Susanne Sarioglu dances to the music as a crowd of about 75 gathered at Duncan city square on Thursday, Feb. 14, for Cowichan Rising, part of a worldwide awareness campaign called One Billion Rising aimed at drawing attention to the issue of violence against women. - Andrew Leong
Susanne Sarioglu dances to the music as a crowd of about 75 gathered at Duncan city square on Thursday, Feb. 14, for Cowichan Rising, part of a worldwide awareness campaign called One Billion Rising aimed at drawing attention to the issue of violence against women.
— image credit: Andrew Leong

Emotional. Empowering. Evoking. Engaging.

These are just some of the words used to describe Cowichan's series of events based on the international V-Day phenomenon.

"The energy was just as we expected," organizer of the city square Feb. 14 event Nika Stafford said.

"It brought the attention to the gathering and it really started things out on an encouraging and empowering note."

The gathering began at the Matraea Centre and saw 150-or so folks march to city square where a flash mob of song and dance broke out.

Several folks also spoke, including Stafford, Jen Holden, Lynn Weaver, Heidi Mendenhall and Grant Waldman.

The flash-mob was a highlight for Stafford.

"That part was really fun and it turned out well," she said of the co-ordinated dance communities all over the world took part in. "We danced another three songs after that too and we all thought 'We should do this more often. We should really start dancing at city square on our lunch breaks.'"

Instead of one group leading the charge promoting this year's V-Day events, all powered by the goal of ending violence against women and girls — the V stands for victory, valentine and vagina — groups came together to form the celebrations, all staged under the umbrella label Cowichan Rises.

Along with the city square event, Cowichan Women Against Violence hosted its annual art show and photography contest Feb. 16 before the Cowichan Theatre staged Eve Ensler's Vagina Monolgues later that evening.

"It was an amazing event," Cowichan Theatre's Kirsten Schrader said of the Monologues.

"It was a near sold out house and that several art pieces sold from the Art of Healing exhibition."

She couldn't have been more proud of the cast who took part reading Ensler's script, especially this year's newcomers. She also cheered husband-and-wife theatre coaches, Keith Digby & Cynthia Pronick, who stepped up at the last minute to ease some of the performer's stage jitters.

"There were a couple of performers who were quite nervous and not feeling brave and not quite ready to perform," Schrader explained.

"Keith said something that really hit home for them.
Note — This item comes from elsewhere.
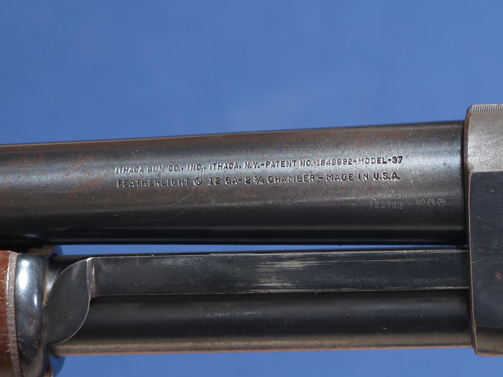 Ithaca 37 Featherlight 12ga. 28 inch barrel. Mod choke. SN 490,48X. 2 3/4 chambers. 14 1/8 LOP. Original finish showing some hunting use. Excellent bore.

He said something to the effect, that live performance is an amazing thing, your adrenals just kick right in and your nerves propel you forward and you can really do an amazing job on stage."

"They really offered so much experience and wisdom," she said of the husband and wife team.

And the crowd was visibly as moved as Schrader.

"People stood up spontaneously in response," she said. "It was really chilling. There were people crying. There was also so much humour and people were laughing hysterically during some parts."

A couple acts that stuck out for her were Victoria Clement's rendition of 'My Angry Vagina,' and Bobbi Rowntree's take on 'Re-claiming Cunt.'

"I think it was really brave of (Bobbi) to take that on. It's a hard monologue to do with such a controversial word."

The final tally of monies raised for CWAV through all local events was not available by press time.